EXTRACTED RECORDS:

++++++++++++++++++++

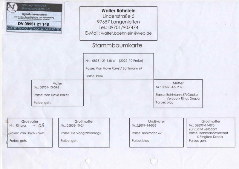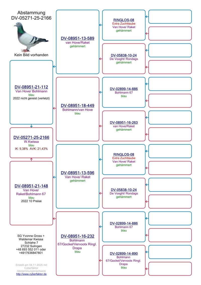 Oryginalny gołąb z hodowli Waldemar Kwissa. Fajne połączenie. Szczegóły pochodzenia w rodowodzie, karty własności będą dołączone do rodowodów. Więcej informacji pod nr tel.: 693552011. Koszt wysyłki od 1 do 4 szt 150 zł
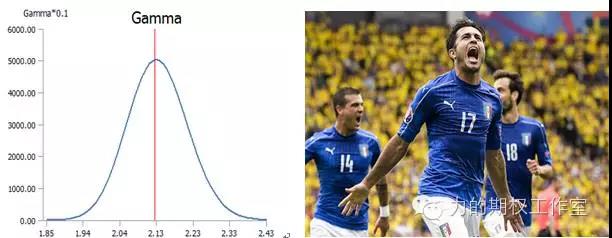 在实际交易中,Gamma可以理解为标的价格变化对盈亏结果的重要性。也就是说,Gamma越大,股价稍微动一动,你的盈亏变化就很明显。很容易想像,实值、平值、虚值的期权哪个Gamma最大?自然是平值!就像今年充满“戏剧性”的欧洲杯,经常在处于平局的比赛中,突然某一方进了一球,那对比赛结果的影响力是很致命的,这种致命有个专用名词,就叫做“绝杀”。
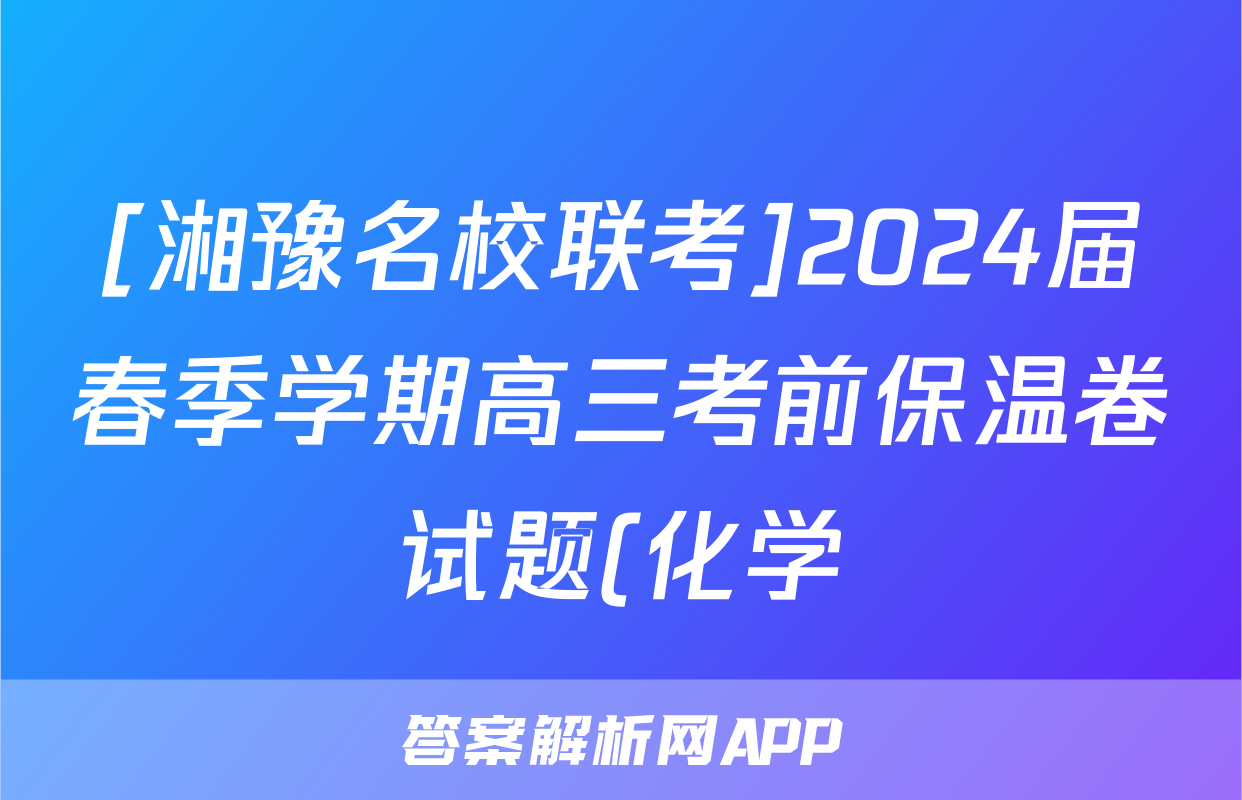 [湘豫名校联考]2024届春季学期高三考前保温卷试题(化学)正在持续更新,目前2024-2025衡中同卷答案网为大家整理了相关试题及答案,供大家查缺补漏,高效提升成绩。
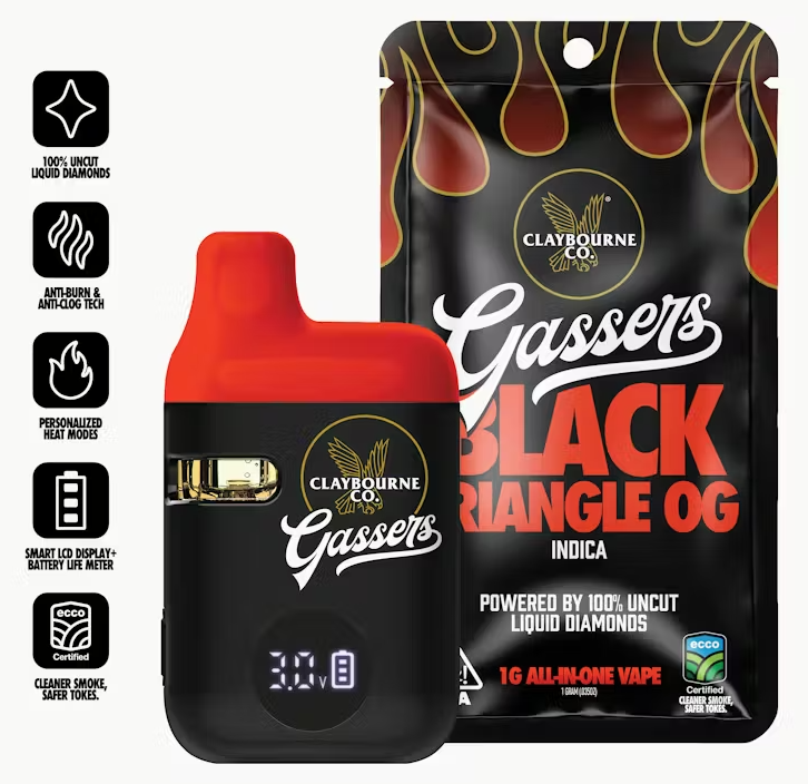 The Claybourne Gassers All In One 1g Black Triangle OG delivers an exceptional vaping experience with premium liquid diamonds and natural terpenes, averaging 90-92% total THC. This innovative device features nothing cut and nothing diluted, ensuring pure potency with every draw.
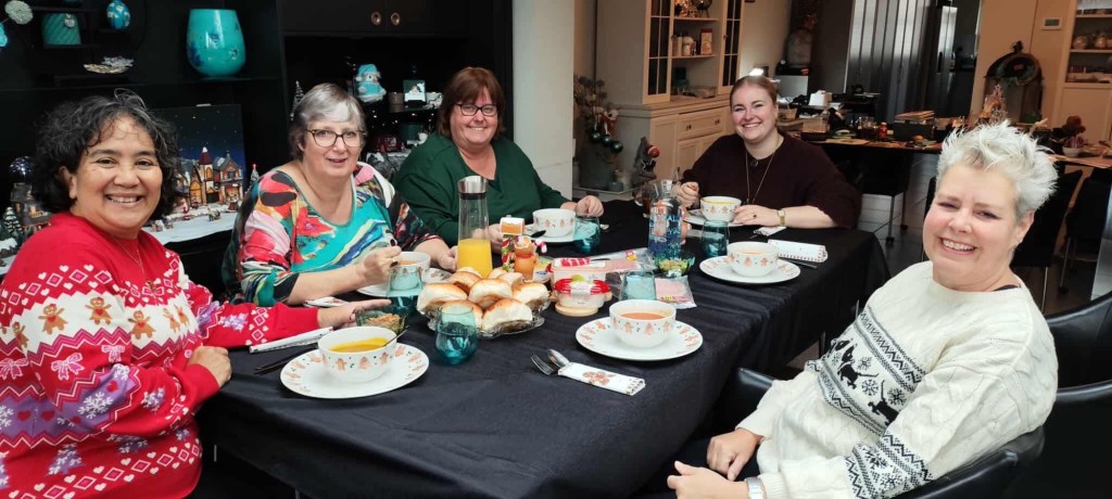 Dat vonden de dames die gisteren de eerste van vier Kerst en Kaart dagen aftrapten ook. Dit zijn mijn Stampin’Up! Vriendinnen die ik zonder onze gezamenlijke hobby/passie nooit ontmoet zou hebben. Let ook op de georganiseerde chaos op de tafel: werk in uitvoering! Mijn schoondochter Bibi was zo lief om te komen helpen, dus kon zij mooi de groepsfoto maken.
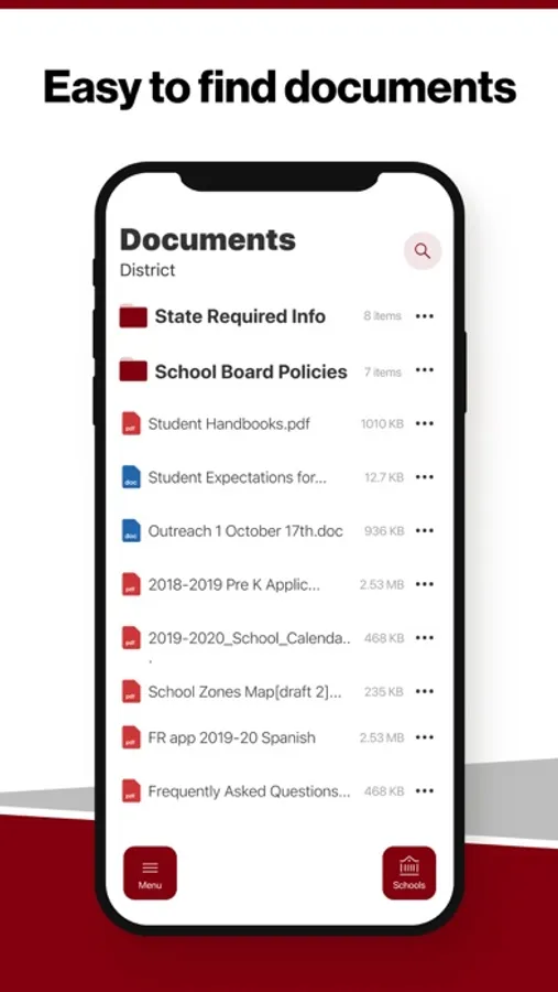 The event section shows a list of events throughout the district. Users can add an event to their calendar to share the event with friends and family with one tap.
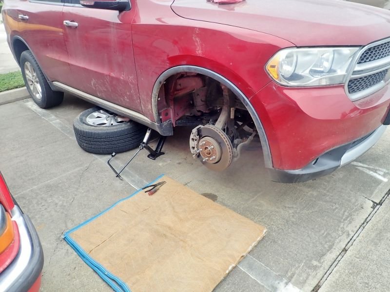 What's the shovel for? I never heard of a shovel being used for a car repair before. Well, you have now. The lug nuts were so darned tight that I couldn't budge them with the lug wrench. In fact, I was bending the wrench trying. Penetrating oil didn't help. I needed leverage, and I don't have a cheater pipe. I hooked the shovel blade under one side of the wrench, and the handle under the other side. That added about five feet of leverage. Snap! That was the sound of the lug nuts breaking free. It was so loud that I was afraid I had snapped the bolt off. Nope, everything was good.
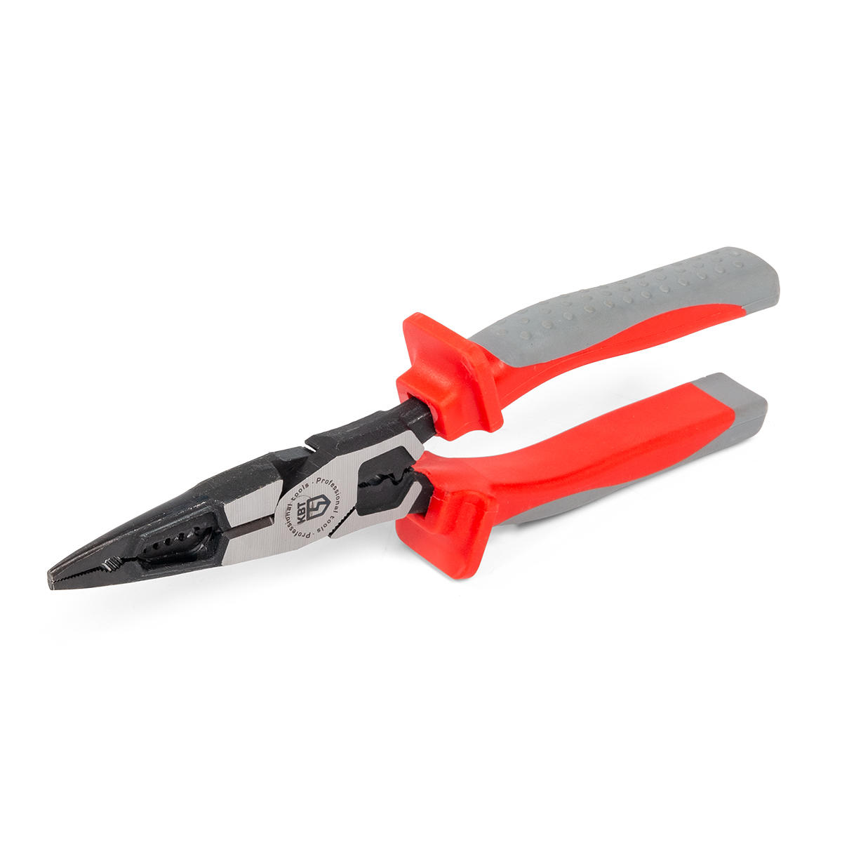 Для работы под напряжением до 1000 В.Функции инструмента:захват плоских и круглых деталей.зачистка проводов сечением 0.52.5 мм.резка проводов диаметром до 8 мм.опрессовка наконечников..Режущие кромки дополнительно закалены токами высокой частоты. HRC 62.Материал рабочей части: хром-ванадиевая сталь.Обработка поверхности: матовое никелирование.Двухцветные многокомпонентные рукоятки с упорами для защиты от соскальзывания.Вес: 220 г.Длина: 200 мм.
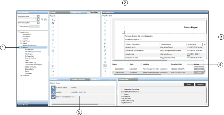 Speicherort der gewählten Berichtsdefinition – vor und nach der Ausführung – mit Befehlssymbolleiste zum Ausführen der Berichtsdefinition auf der linken Seite des sekundären Arbeitsbereichs.
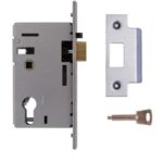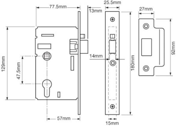 Latch bolt withdrawn by euro profile cylinder from outside and sprung lever handle or separate turn from inside
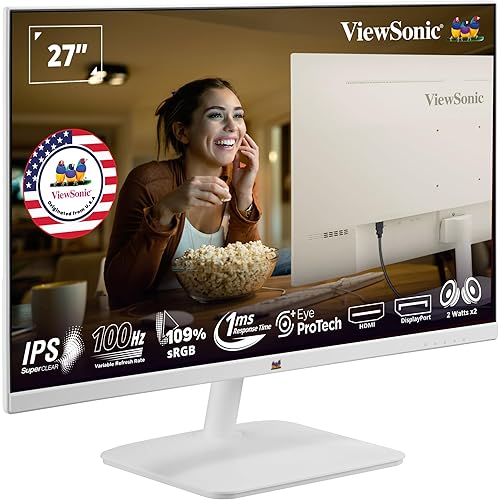 ViewSonic (From USA)68.58 Cm (27″) White Monitor Full HD IPS |100Hz |1ms| 2X2W Speakers | EyeProtech+ | Win. & mac OS tested | VESA Compatable |Tilt-5º / 20º | sRGB 109% | HDMI1.4 | VGA | VA2732-MH-W
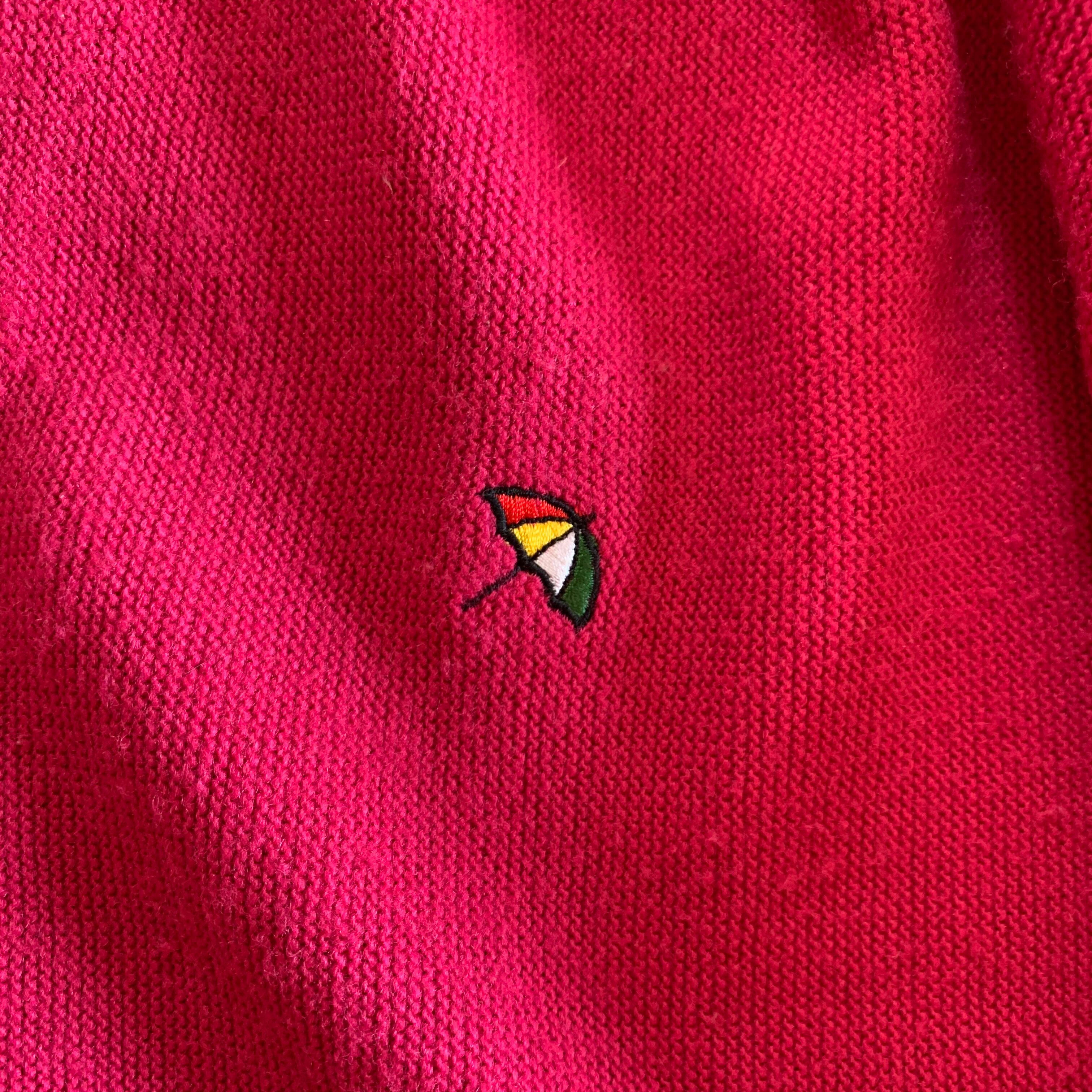 傘のマークでお馴染みのアーノルドパーマーの鮮やかなショッキングピンクのカーディガン。
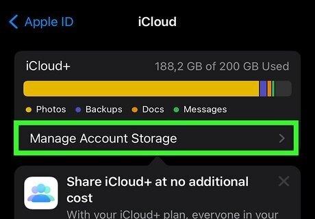 5. 点击管理账户存储。它在icloud页面的顶部。这将带您到使用icloud存储空间的数据的应用程序列表。
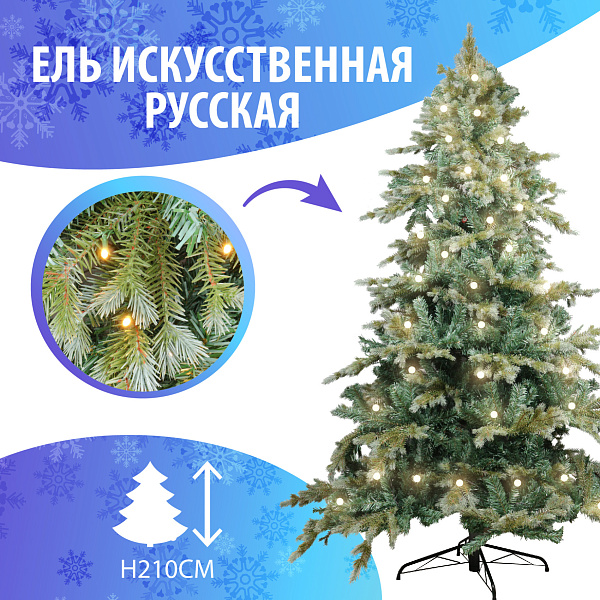 Ель искусственная русская зеленая с электрическими гирляндами 210см
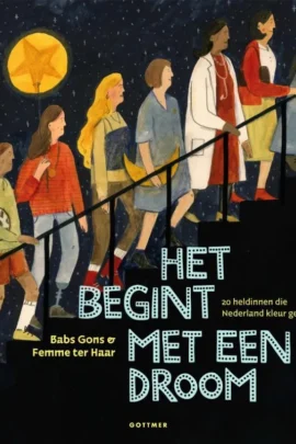 Schrijver, host en spoken word-artiest Babs Gons brengt met ‘Het begint met een droom’ een ode aan fenomenale vrouwen uit onze geschiedenis. In dit inspirerende, informatieve boek vertelt ze op een toegankelijke manier over de levens van deze heldinnen. Femme ter Haar maakte de schilderachtige illustraties waarin onder meer Wilhelmina Drucker, Khadija Arib en Nikkie de Jager van de pagina’s spatten.
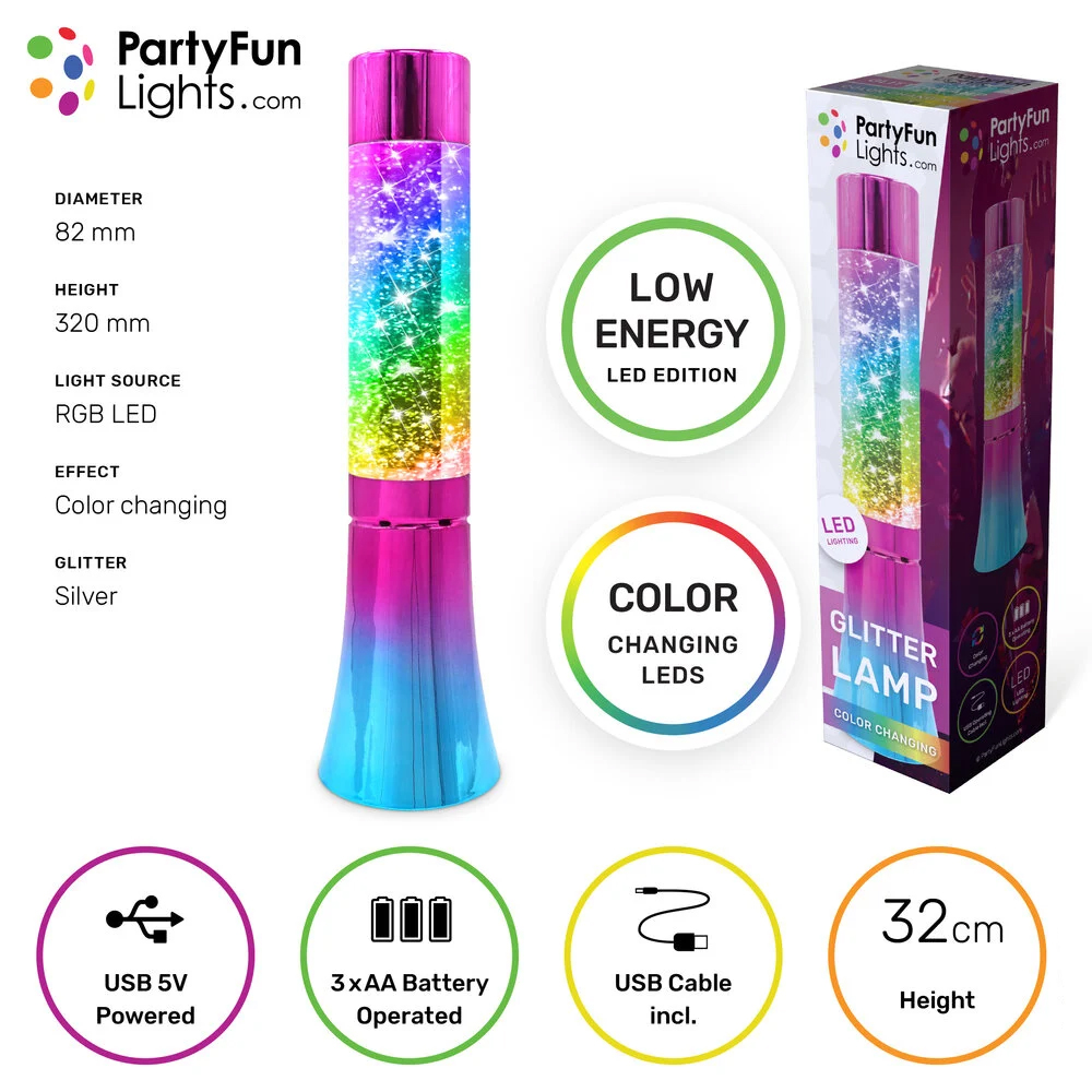 Deze multicolor glitter lavalamp is een echte blikvanger en combineert iconisch retro design met moderne kleurveranderende verlichting. Zodra je de lamp inschakelt, beginnen de zilveren glitters langzaam te bewegen in het glazen reservoir, terwijl de ingebouwde multicolor LED-verlichting continu van kleur verandert. Dit zorgt voor een rustgevend, hypnotiserend en sfeervol effect dat perfect is als sfeerverlichting, nachtlamp of decoratie.
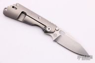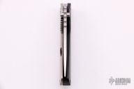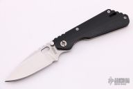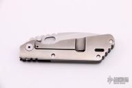This PT CC by Mick of Strider Knives features a tumble finished drop point blade with thumb hole, dual thumb studs and notched thumb rest. The handle is comprised of a contoured black G10 show side and backspacer with a contoured and tumbled titanium lock side. Lanyard hole in pommel. Excellent condition.
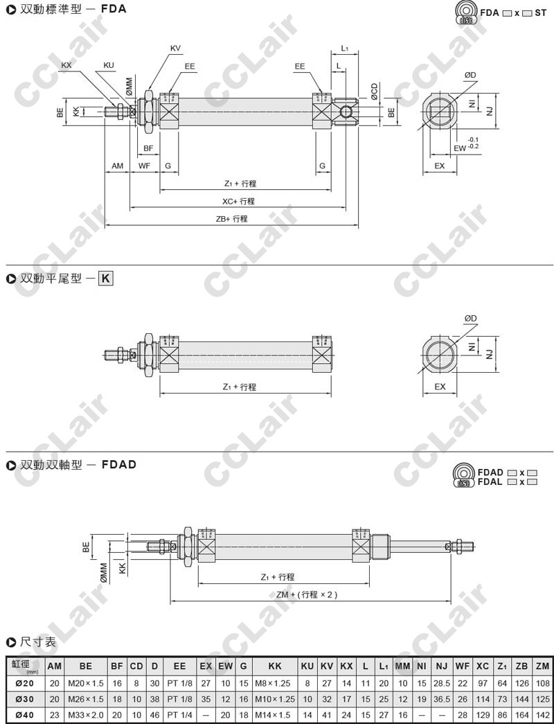 氣立可(chelic),FDA20*25,FDA30*50,FDA40*75,FDAD40*100,FDAD20*50,FDAD30*25,不繡鋼管氣缸

++++++++++++++++++++

REQUIRED ACTION: Exactly as written, print each entry, leaving all pictures out.

SOLUTION:
 Oryginalny gołąb z hodowli Waldemar Kwissa. Fajne połączenie. Szczegóły pochodzenia w rodowodzie, karty własności będą dołączone do rodowodów. Więcej informacji pod nr tel.: 693552011. Koszt wysyłki od 1 do 4 szt 150 zł
 在实际交易中,Gamma可以理解为标的价格变化对盈亏结果的重要性。也就是说,Gamma越大,股价稍微动一动,你的盈亏变化就很明显。很容易想像,实值、平值、虚值的期权哪个Gamma最大?自然是平值!就像今年充满“戏剧性”的欧洲杯,经常在处于平局的比赛中,突然某一方进了一球,那对比赛结果的影响力是很致命的,这种致命有个专用名词,就叫做“绝杀”。
 [湘豫名校联考]2024届春季学期高三考前保温卷试题(化学)正在持续更新,目前2024-2025衡中同卷答案网为大家整理了相关试题及答案,供大家查缺补漏,高效提升成绩。
 The Claybourne Gassers All In One 1g Black Triangle OG delivers an exceptional vaping experience with premium liquid diamonds and natural terpenes, averaging 90-92% total THC. This innovative device features nothing cut and nothing diluted, ensuring pure potency with every draw.
 Dat vonden de dames die gisteren de eerste van vier Kerst en Kaart dagen aftrapten ook. Dit zijn mijn Stampin’Up! Vriendinnen die ik zonder onze gezamenlijke hobby/passie nooit ontmoet zou hebben. Let ook op de georganiseerde chaos op de tafel: werk in uitvoering! Mijn schoondochter Bibi was zo lief om te komen helpen, dus kon zij mooi de groepsfoto maken.
 The event section shows a list of events throughout the district. Users can add an event to their calendar to share the event with friends and family with one tap.
 What's the shovel for? I never heard of a shovel being used for a car repair before. Well, you have now. The lug nuts were so darned tight that I couldn't budge them with the lug wrench. In fact, I was bending the wrench trying. Penetrating oil didn't help. I needed leverage, and I don't have a cheater pipe. I hooked the shovel blade under one side of the wrench, and the handle under the other side. That added about five feet of leverage. Snap! That was the sound of the lug nuts breaking free. It was so loud that I was afraid I had snapped the bolt off. Nope, everything was good.
 Для работы под напряжением до 1000 В.Функции инструмента:захват плоских и круглых деталей.зачистка проводов сечением 0.52.5 мм.резка проводов диаметром до 8 мм.опрессовка наконечников..Режущие кромки дополнительно закалены токами высокой частоты. HRC 62.Материал рабочей части: хром-ванадиевая сталь.Обработка поверхности: матовое никелирование.Двухцветные многокомпонентные рукоятки с упорами для защиты от соскальзывания.Вес: 220 г.Длина: 200 мм.
 Speicherort der gewählten Berichtsdefinition – vor und nach der Ausführung – mit Befehlssymbolleiste zum Ausführen der Berichtsdefinition auf der linken Seite des sekundären Arbeitsbereichs.
 Latch bolt withdrawn by euro profile cylinder from outside and sprung lever handle or separate turn from inside
 ViewSonic (From USA)68.58 Cm (27″) White Monitor Full HD IPS |100Hz |1ms| 2X2W Speakers | EyeProtech+ | Win. & mac OS tested | VESA Compatable |Tilt-5º / 20º | sRGB 109% | HDMI1.4 | VGA | VA2732-MH-W
 傘のマークでお馴染みのアーノルドパーマーの鮮やかなショッキングピンクのカーディガン。
 5. 点击管理账户存储。它在icloud页面的顶部。这将带您到使用icloud存储空间的数据的应用程序列表。
 Ель искусственная русская зеленая с электрическими гирляндами 210см
 Schrijver, host en spoken word-artiest Babs Gons brengt met ‘Het begint met een droom’ een ode aan fenomenale vrouwen uit onze geschiedenis. In dit inspirerende, informatieve boek vertelt ze op een toegankelijke manier over de levens van deze heldinnen. Femme ter Haar maakte de schilderachtige illustraties waarin onder meer Wilhelmina Drucker, Khadija Arib en Nikkie de Jager van de pagina’s spatten.
 Deze multicolor glitter lavalamp is een echte blikvanger en combineert iconisch retro design met moderne kleurveranderende verlichting. Zodra je de lamp inschakelt, beginnen de zilveren glitters langzaam te bewegen in het glazen reservoir, terwijl de ingebouwde multicolor LED-verlichting continu van kleur verandert. Dit zorgt voor een rustgevend, hypnotiserend en sfeervol effect dat perfect is als sfeerverlichting, nachtlamp of decoratie.
This PT CC by Mick of Strider Knives features a tumble finished drop point blade with thumb hole, dual thumb studs and notched thumb rest. The handle is comprised of a contoured black G10 show side and backspacer with a contoured and tumbled titanium lock side. Lanyard hole in pommel. Excellent condition.
 氣立可(chelic),FDA20*25,FDA30*50,FDA40*75,FDAD40*100,FDAD20*50,FDAD30*25,不繡鋼管氣缸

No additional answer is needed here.